* Task brief:
Using the entries below, copy out all lines where "avec" is found.

* Data extracted from a collection:

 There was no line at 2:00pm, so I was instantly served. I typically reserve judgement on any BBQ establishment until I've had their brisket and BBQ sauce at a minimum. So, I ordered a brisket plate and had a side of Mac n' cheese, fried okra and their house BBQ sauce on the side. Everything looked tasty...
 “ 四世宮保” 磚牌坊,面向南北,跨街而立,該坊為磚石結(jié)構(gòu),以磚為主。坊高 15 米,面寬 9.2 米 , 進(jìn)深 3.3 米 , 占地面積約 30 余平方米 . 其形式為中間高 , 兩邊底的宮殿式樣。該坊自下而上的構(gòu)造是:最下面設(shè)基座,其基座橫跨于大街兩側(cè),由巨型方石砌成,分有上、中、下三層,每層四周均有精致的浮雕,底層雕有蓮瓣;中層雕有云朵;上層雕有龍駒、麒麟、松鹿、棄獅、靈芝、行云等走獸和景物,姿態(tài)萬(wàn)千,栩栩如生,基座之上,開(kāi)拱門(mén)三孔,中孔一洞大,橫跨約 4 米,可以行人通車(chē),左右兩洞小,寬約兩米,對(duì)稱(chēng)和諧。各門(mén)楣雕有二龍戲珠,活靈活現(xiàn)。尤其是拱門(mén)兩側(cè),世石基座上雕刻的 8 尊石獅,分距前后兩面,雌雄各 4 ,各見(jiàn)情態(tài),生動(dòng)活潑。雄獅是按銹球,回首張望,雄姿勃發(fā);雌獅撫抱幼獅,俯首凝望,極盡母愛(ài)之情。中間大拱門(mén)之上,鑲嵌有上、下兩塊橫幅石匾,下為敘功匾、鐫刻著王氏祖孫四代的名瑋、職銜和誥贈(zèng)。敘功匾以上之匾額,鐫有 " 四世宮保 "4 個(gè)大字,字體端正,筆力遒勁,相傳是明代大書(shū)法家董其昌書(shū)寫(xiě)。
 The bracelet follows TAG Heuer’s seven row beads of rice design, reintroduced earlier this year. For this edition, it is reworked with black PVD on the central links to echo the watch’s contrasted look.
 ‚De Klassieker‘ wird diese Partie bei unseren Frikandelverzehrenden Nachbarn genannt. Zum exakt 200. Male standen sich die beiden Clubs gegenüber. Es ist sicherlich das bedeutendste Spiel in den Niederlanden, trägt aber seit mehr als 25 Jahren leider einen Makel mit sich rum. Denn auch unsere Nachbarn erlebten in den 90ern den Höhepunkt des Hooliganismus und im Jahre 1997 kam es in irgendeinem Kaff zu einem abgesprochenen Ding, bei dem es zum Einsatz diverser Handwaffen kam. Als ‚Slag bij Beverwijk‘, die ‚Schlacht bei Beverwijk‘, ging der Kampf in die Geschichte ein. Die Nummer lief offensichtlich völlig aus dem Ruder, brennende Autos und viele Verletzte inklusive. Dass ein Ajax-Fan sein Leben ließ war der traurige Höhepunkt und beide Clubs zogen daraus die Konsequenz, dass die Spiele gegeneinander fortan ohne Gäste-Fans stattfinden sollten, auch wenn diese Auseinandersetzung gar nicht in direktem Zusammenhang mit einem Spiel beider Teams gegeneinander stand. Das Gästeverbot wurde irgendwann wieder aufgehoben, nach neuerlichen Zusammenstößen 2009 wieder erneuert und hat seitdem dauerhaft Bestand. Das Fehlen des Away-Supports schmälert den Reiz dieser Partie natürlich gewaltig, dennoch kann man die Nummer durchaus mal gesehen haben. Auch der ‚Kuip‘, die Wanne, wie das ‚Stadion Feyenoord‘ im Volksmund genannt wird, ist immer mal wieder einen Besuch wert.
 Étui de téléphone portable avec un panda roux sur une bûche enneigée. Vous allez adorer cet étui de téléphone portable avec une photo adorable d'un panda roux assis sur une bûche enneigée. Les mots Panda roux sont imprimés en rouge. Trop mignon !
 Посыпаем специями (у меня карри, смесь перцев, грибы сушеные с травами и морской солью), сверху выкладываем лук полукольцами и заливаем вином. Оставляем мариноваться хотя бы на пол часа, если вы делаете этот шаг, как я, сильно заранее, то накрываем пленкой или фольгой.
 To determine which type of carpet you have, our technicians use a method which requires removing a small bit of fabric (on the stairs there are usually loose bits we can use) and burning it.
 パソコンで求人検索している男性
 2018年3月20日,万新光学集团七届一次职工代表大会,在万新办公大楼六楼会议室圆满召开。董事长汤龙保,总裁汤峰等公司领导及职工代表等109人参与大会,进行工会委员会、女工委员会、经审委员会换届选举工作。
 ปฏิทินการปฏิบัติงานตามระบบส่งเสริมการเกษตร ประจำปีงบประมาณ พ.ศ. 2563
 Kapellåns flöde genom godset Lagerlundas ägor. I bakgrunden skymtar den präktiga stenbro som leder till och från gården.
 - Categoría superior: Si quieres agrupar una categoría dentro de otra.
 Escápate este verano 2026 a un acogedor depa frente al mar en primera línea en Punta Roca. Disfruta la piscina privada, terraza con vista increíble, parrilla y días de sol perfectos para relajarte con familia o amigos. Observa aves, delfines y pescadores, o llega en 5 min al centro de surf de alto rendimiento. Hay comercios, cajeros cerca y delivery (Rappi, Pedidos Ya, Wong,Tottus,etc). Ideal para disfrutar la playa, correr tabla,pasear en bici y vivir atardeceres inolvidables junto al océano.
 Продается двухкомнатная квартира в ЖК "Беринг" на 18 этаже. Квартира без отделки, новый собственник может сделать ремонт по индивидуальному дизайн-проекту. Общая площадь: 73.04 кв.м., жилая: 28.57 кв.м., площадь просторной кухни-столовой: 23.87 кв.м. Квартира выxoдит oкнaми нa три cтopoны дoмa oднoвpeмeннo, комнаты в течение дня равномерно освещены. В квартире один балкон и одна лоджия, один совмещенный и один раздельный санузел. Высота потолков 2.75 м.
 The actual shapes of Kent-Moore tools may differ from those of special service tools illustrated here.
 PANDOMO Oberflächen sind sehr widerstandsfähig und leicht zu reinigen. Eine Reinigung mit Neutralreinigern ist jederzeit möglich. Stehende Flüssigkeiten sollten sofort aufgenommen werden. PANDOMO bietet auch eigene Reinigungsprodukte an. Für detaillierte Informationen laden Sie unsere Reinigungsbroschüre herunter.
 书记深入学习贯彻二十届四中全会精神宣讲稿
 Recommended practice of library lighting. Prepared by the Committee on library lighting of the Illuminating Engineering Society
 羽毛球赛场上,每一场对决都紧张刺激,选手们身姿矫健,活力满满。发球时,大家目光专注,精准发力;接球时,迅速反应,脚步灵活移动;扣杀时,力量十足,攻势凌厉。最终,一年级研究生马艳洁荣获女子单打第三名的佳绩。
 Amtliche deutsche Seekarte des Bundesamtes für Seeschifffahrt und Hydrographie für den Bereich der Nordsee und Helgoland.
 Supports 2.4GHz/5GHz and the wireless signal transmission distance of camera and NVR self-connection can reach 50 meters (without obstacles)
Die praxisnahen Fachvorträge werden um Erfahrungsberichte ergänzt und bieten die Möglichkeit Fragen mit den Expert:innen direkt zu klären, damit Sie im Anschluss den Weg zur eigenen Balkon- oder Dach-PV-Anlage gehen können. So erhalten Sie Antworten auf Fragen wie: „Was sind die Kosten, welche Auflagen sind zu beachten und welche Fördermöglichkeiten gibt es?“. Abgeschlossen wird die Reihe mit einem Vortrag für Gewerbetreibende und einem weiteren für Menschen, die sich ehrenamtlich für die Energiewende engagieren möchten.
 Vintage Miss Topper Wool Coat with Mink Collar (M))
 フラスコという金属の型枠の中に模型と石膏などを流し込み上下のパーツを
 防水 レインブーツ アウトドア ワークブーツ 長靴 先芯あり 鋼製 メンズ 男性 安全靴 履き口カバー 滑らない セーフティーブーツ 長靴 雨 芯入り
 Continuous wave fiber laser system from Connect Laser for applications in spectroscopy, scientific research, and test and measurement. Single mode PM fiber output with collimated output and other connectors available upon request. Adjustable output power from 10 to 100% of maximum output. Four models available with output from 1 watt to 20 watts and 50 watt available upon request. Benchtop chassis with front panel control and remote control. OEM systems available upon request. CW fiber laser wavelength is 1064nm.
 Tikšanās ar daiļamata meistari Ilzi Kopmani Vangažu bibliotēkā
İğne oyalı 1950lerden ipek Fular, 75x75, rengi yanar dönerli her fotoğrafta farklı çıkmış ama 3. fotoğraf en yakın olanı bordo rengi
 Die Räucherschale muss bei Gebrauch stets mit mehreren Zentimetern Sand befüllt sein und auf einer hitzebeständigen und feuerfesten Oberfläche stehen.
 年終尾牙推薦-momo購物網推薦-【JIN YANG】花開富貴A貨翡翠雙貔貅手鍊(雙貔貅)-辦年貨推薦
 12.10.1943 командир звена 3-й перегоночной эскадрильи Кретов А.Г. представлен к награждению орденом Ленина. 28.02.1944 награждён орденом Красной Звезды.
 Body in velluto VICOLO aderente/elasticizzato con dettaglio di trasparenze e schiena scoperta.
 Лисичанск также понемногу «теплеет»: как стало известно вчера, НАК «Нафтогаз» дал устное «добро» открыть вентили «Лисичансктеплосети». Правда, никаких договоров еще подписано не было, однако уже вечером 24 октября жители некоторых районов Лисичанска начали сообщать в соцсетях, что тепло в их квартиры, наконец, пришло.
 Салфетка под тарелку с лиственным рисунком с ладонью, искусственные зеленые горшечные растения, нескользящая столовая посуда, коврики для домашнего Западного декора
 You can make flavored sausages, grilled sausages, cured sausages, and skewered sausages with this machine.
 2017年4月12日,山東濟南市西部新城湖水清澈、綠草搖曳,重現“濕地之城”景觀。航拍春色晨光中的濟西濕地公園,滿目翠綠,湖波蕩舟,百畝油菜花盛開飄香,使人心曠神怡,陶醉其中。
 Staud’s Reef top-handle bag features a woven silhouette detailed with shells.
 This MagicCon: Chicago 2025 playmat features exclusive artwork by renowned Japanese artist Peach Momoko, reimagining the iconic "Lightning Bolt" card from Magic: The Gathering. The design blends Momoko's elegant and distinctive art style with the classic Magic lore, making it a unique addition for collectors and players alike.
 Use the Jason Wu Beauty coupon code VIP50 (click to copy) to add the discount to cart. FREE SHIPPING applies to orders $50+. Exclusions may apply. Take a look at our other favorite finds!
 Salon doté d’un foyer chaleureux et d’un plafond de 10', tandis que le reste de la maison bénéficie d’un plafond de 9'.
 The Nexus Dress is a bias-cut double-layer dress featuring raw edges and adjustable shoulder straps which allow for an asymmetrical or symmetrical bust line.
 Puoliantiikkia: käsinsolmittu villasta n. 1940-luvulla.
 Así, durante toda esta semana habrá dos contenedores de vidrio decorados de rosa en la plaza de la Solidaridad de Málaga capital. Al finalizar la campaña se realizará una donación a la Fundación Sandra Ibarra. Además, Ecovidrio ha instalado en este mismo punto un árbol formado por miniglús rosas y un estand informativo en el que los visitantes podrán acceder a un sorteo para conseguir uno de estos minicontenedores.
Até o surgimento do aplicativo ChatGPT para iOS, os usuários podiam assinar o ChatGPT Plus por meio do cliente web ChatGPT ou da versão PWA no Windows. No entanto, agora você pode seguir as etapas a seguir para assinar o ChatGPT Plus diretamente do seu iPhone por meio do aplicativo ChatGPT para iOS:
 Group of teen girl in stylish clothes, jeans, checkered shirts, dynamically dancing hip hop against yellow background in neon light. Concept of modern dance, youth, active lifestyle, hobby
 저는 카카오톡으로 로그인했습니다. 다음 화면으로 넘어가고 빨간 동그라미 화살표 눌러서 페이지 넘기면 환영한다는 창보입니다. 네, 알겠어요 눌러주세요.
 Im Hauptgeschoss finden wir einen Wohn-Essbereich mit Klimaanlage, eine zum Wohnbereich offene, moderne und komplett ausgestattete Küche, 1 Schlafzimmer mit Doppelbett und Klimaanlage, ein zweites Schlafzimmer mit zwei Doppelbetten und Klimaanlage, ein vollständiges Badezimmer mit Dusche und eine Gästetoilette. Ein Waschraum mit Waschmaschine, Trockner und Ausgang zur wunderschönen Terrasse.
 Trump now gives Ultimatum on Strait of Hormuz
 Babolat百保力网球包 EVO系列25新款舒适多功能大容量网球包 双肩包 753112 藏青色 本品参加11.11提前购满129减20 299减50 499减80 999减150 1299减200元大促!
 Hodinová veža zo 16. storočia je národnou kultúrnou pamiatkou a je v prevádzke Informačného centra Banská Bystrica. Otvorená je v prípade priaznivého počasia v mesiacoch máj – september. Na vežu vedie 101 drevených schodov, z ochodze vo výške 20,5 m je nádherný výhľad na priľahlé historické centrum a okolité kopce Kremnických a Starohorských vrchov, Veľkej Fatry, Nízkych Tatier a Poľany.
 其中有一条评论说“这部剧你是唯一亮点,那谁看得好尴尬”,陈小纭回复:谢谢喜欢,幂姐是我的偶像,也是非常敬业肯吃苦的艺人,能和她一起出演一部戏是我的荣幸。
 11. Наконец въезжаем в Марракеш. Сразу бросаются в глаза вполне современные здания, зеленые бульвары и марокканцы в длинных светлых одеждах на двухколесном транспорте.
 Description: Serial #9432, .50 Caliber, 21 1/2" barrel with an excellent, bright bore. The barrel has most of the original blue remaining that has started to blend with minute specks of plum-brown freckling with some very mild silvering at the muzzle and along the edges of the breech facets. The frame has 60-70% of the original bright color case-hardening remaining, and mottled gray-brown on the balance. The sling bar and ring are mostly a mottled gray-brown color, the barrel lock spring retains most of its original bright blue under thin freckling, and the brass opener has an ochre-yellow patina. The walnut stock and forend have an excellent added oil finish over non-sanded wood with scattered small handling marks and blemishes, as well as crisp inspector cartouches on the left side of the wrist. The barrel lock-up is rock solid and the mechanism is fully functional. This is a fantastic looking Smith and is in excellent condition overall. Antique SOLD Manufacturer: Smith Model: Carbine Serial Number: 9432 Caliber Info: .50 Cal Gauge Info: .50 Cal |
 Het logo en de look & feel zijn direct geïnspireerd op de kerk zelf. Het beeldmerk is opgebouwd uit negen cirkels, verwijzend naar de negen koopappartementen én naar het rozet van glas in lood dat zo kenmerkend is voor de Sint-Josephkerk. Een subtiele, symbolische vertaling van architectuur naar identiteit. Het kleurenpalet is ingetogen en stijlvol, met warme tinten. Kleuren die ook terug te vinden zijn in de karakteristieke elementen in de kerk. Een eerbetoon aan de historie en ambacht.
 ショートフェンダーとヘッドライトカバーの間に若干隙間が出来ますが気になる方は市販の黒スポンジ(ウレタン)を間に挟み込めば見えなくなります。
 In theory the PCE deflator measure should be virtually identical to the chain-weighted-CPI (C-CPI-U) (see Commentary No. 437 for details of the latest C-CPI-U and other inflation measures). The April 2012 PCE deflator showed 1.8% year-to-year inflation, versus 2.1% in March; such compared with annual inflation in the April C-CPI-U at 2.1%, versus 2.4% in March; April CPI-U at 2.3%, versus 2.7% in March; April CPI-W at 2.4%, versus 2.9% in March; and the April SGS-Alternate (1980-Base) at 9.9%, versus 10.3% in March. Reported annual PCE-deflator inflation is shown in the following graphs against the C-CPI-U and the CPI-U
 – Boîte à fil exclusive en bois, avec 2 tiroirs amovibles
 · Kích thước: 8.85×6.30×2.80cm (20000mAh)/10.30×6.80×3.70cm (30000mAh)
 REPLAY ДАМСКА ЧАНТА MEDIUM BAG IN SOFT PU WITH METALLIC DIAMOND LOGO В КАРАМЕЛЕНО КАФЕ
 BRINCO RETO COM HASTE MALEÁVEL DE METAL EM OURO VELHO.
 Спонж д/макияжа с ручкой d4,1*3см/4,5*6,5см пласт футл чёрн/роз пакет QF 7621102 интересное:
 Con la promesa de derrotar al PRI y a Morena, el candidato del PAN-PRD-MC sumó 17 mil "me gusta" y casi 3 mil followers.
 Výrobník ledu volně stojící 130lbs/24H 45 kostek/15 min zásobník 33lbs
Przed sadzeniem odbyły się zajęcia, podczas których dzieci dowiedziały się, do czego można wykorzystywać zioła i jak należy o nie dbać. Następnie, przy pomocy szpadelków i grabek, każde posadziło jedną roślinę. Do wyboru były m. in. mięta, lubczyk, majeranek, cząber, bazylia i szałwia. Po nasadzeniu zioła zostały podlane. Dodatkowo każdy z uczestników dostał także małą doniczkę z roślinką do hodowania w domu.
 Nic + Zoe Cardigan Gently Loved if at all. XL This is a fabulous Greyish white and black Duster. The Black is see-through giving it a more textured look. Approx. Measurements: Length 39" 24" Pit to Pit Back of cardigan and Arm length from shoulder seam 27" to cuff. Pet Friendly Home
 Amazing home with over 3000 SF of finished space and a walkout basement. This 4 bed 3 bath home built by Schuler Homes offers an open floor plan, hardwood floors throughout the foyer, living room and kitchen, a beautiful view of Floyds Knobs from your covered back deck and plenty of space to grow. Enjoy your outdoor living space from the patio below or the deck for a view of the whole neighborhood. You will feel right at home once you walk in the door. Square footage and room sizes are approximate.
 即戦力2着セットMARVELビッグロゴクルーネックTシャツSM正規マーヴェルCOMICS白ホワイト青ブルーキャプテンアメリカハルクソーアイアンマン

* Result below:
 Étui de téléphone portable avec un panda roux sur une bûche enneigée. Vous allez adorer cet étui de téléphone portable avec une photo adorable d'un panda roux assis sur une bûche enneigée. Les mots Panda roux sont imprimés en rouge. Trop mignon !
 – Boîte à fil exclusive en bois, avec 2 tiroirs amovibles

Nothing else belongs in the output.